### Task description
For the data that follows, print the line with "Klimawandel-Datenübersicht für Roseau, Dominica", the line with "The LV unshielded", and all lines between them, exactly as they stand. Omit pictures and add nothing.

### Exercise input
------

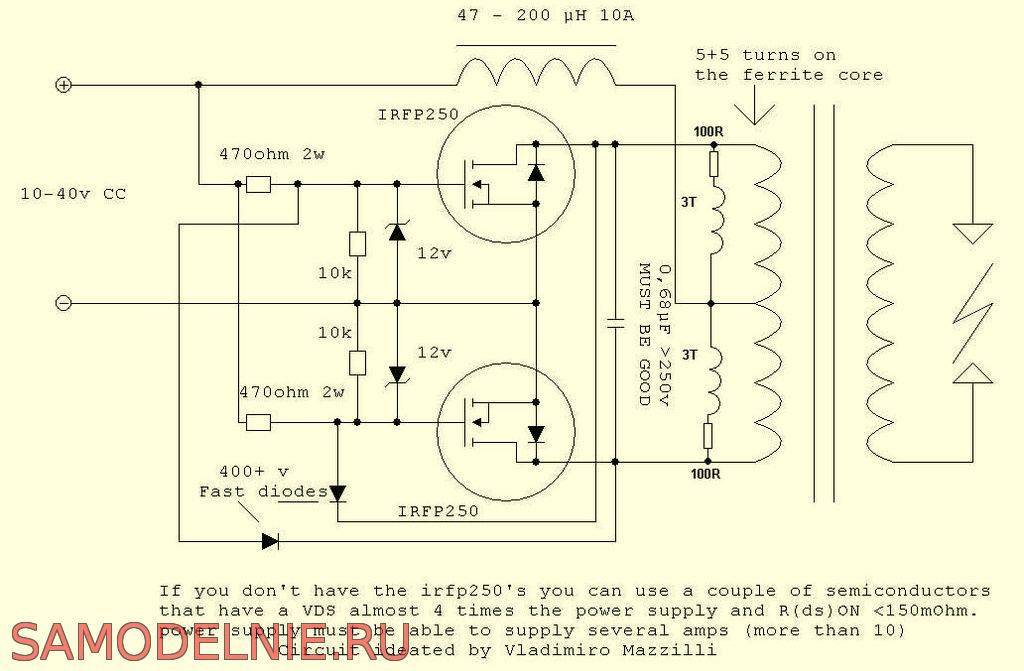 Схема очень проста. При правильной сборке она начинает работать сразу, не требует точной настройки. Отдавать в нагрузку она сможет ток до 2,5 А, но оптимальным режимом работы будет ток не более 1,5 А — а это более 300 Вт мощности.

------

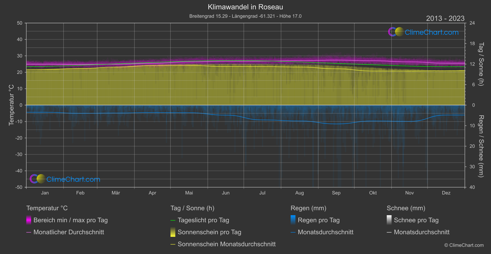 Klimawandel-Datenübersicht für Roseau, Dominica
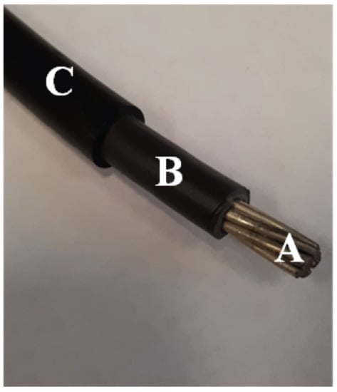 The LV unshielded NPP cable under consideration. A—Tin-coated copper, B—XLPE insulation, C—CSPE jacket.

------

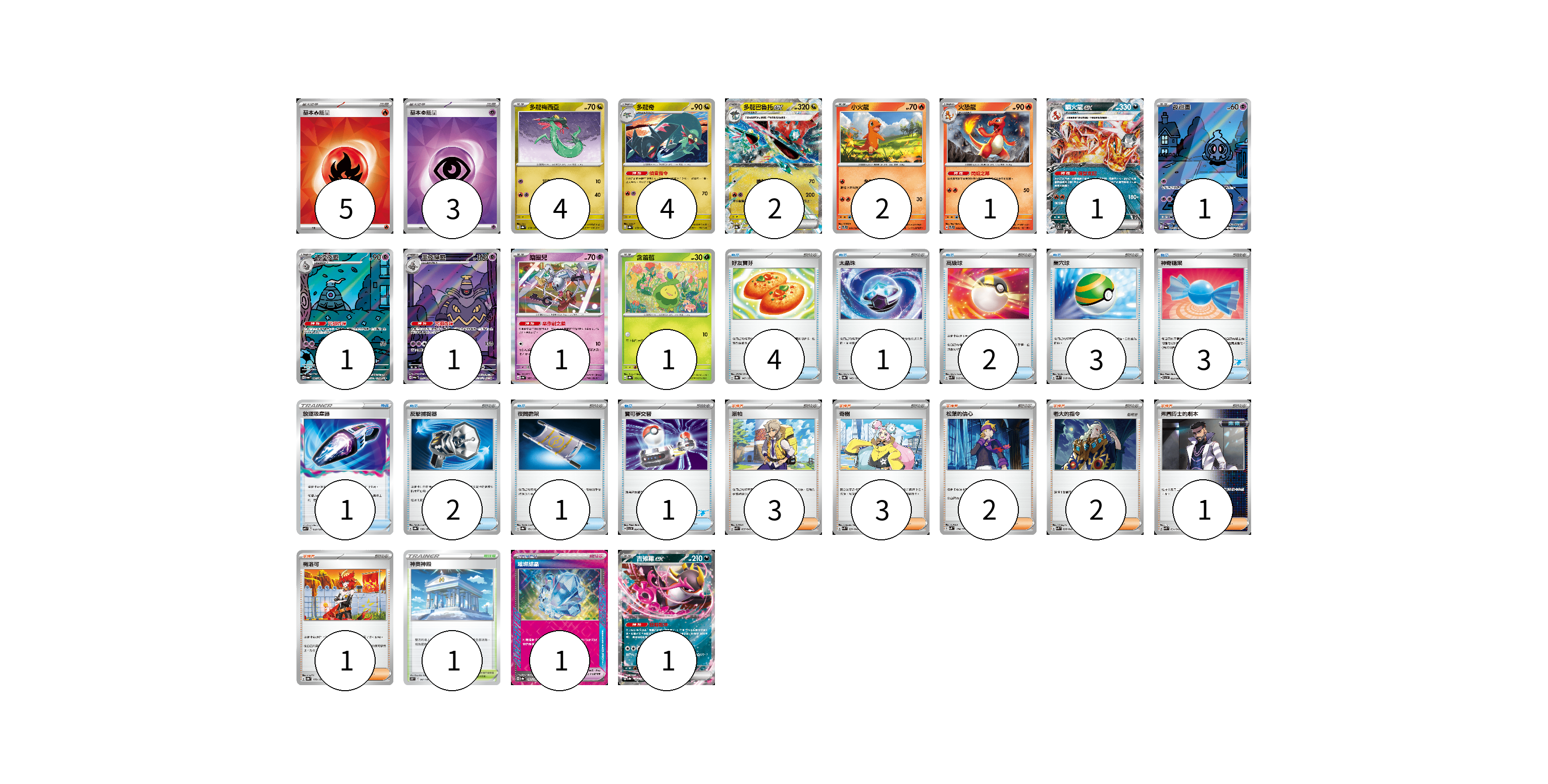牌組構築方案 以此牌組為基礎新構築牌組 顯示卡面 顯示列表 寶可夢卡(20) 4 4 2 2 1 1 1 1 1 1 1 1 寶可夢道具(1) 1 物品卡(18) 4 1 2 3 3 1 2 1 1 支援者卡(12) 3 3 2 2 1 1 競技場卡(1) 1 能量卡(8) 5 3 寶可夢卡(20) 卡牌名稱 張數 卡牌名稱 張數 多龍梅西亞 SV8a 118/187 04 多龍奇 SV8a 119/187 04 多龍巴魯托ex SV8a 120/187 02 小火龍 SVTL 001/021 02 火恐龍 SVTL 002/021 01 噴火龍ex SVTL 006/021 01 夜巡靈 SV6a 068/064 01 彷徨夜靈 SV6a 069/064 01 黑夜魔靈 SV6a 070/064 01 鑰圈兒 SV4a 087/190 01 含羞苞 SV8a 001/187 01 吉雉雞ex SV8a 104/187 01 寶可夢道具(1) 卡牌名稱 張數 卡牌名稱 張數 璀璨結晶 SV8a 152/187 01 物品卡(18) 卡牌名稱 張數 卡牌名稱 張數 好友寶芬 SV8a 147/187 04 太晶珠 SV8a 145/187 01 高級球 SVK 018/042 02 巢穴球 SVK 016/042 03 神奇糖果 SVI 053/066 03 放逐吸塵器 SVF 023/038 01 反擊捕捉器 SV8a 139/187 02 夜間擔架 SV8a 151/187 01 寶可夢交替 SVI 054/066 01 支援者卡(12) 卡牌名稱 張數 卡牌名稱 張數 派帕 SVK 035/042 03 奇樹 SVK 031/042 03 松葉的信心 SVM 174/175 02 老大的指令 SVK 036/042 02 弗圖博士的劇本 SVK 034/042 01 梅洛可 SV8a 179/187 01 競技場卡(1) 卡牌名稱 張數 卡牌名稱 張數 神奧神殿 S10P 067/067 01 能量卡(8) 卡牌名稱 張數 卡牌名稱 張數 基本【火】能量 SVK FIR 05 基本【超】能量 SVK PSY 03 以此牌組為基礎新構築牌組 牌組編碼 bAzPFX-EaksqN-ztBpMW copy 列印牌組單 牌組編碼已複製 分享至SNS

------

### Response
 Klimawandel-Datenübersicht für Roseau, Dominica
 The LV unshielded NPP cable under consideration. A—Tin-coated copper, B—XLPE insulation, C—CSPE jacket.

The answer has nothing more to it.